Parsing large text file in Python

Question

Needhelp2 0 Newbie Poster

10 Years Ago

Hi all,

I have a large txt file (3 Million lines). Like to use python , to parse the file , so it can be managed by excel.
I am very new with Programming and python, like to learn it.

Thanks for your support...

input file format:

..
...
...
2014 Jul 23 08:15:16.675 ...s.s.lsllslls...slls
...
..

Name = x
Lastname = y
.
.

Age = 5
height = 1
..

..
...
...
2014 Jul 24 08:15:16.675 jkkl ...s.s.lsllslls...slls
...
..

Name = HHH
Lastname = BBSB
.
.

Age = 10
height = 2
..

2014 Jul 25 08:15:16.675...... ...s.s.lsllslls...slls
...
..

Name = SKSK
Lastname = SKSK
.
.

Age = 9
height = 3
..

..
...
...
2014 Jul 26 08:15:16.675.......lllll
...
..

Name = x
Lastname = y
.
.

Age = 8
height = 1.5

=============================================================

Wanted output format :

Date| Name |Last name|Age|Height <--- header
2014 Jul23 ,x,Y,5,1
.
.
.
.

python

4 Contributors
8 Replies
3K Views
3 Days Discussion Span
Latest Post 10 Years Ago Latest Post by Needhelp2

2teez 43 Posting Whiz

10 Years Ago

Normally, you will probably want to use a database for such a large file, in my opinion that would be more effective, especailly for a data as large as that. But of course there are several other factors that can work in our favour otherwise.
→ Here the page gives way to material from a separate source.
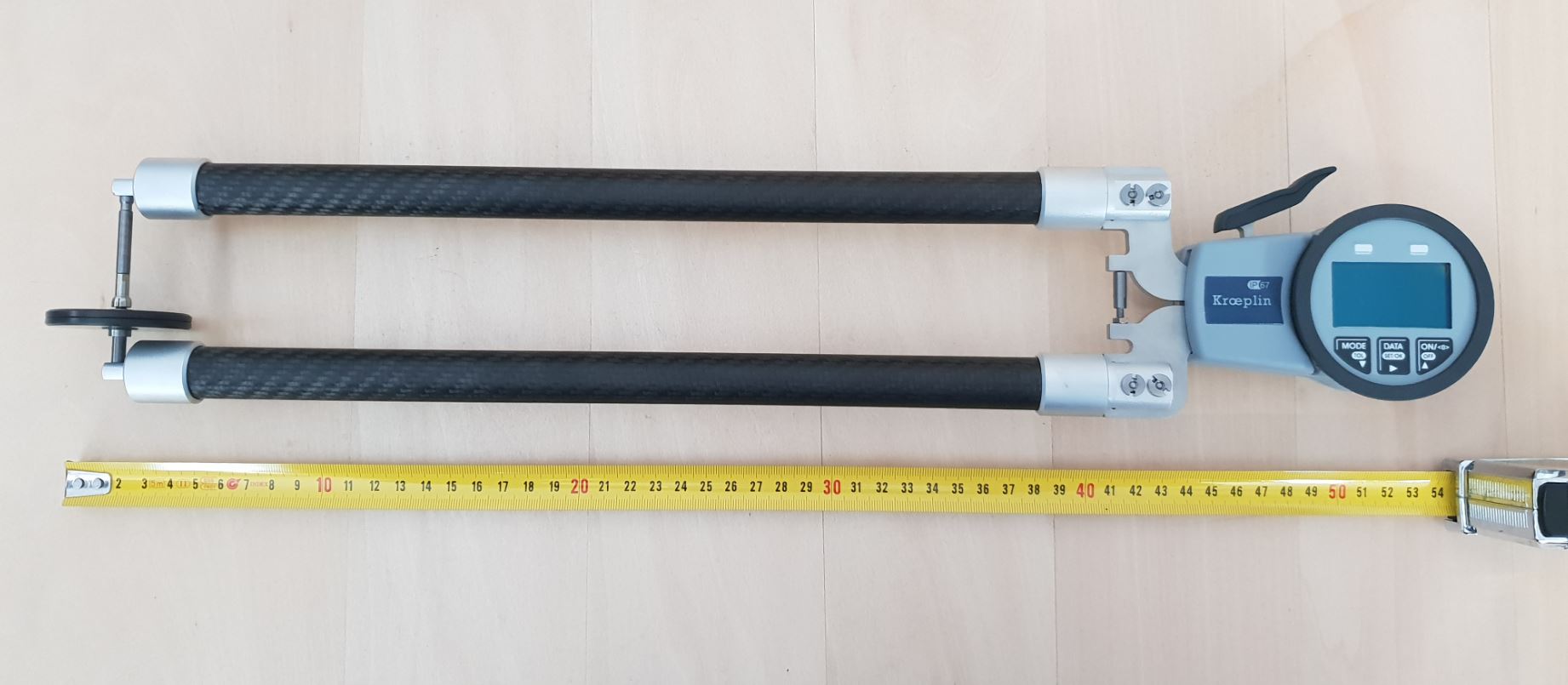 It measured the external dimensions of the Kroeplin. Long reinforced and lightweight arms for fast and accurate measurements.

That being said, I think you should be able to get this done.
You can open the file using the function open, then using a for loop with the filehandle that has file object you just opened. Loop through one line at a time.

I don't know if your data file contain lines with several dots, but using the data set you gave here. Then you can go to the next line of your file, if the current line starts with a '.'. Then if a line without one is found, split it, then check if the the list is not empty. If not, then you should be able to get various data that is needed.
Hope this helps.

Gribouillis 1,391 Programming Explorer

10 Years Ago

Using readlines() is a bad idea as it reads the whole file in memory. You could try something like the following code, which loads one line at a time

#!/usr/local/bin/python2.7
from __future__ import print_function

search_phrase = "Jul"
with open('input.txt','r') as f:
    data = enumerate(f, 1)
    try:
        while True:
            line_num, line = next(data)
            if search_phrase in line:
                print(line_num, line[2:26])
                nums = set([line_num + 2, line_num + 5, line_num + 8])
                while nums:
                    line_num, line = next(data)
                    if line_num in nums:
                        print(line_num, line)
                        nums.discard(line_num)
    except StopIteration:
        pass

Edited 10 Years Ago by Gribouillis

Reply to this topic

Be a part of the DaniWeb community

We're a friendly, industry-focused community of developers, IT pros, digital marketers, and technology enthusiasts meeting, networking, learning, and sharing knowledge.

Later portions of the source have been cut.